Know for Quiz #4 on A&A chapters 3-6:


1. Be able to look at a scatterplot and

(a) distinguish between a strong and weak, positive and negative correlation.

(b) identify any outliers (outriders)

2. Know that Pearson's r measures linear association among quantitative variables (interval or ratio scales).

Factorial ANOVA:

1. Understand the differences between one-way and factorial ANOVA.

2. Be able to look at a graph and a table of means and tell

(a) if there is an interaction effect (are lines parallel?)

(b) if there are main effects (are marginal means different?)

(Of course, to see if any effects are significant, you need to run the ANOVA in SPSS.)
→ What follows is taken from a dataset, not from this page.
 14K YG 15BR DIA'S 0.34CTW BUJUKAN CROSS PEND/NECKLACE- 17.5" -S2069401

1. Understand the basic logic of the chi-square: You have categorical data-counts of people/events/objects that fall into different categories. You are comparing observed frequencies (how many people in each category for your sample) with the frequencies that would be expected under the null hypothesis.
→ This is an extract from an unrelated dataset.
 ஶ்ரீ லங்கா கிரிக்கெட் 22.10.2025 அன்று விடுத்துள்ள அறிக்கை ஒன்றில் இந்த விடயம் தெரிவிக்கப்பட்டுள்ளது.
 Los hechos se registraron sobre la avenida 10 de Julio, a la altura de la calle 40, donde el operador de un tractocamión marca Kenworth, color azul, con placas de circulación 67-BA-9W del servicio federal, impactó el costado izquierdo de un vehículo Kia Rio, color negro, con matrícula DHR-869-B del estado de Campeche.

2. Like the F ratio, the chi-square is always positive. Like the F distribution, the chi-square distribution is positively skewed (skewed to the right). Unlike the F distribution, the expected value if Ho is true is close to 0 (not close to 1)
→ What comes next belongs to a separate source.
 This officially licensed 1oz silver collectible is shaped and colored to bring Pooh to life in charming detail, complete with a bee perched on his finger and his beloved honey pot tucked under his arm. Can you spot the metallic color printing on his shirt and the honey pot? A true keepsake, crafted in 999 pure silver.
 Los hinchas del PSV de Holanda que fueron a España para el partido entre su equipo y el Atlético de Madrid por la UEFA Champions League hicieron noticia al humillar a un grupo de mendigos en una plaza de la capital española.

3. Know that there are three types of chi-squares (two goodness of fit-"equal proportions" and "compare," plus chi-square for independence. The differences in the three are basically

(a) they address different questions

(b) you go through different steps to generate the expected frequencies

(c) there's a different formula for df for GF (C-1 for both kinds) and independence (C-1)(R-1)

4. Know the restrictions: Independent observations, expected frequencies of at least 5 for each cell.

NOTE: Both Factorial ANOVA and Chi-square involve tables with numbers in them. What's different is that for Factorial ANOVA, the numbers in the cells are MEANS of quantitative variables. For Chi-square, what's in the boxes is FREQUENCY COUNTS (either observed or expected).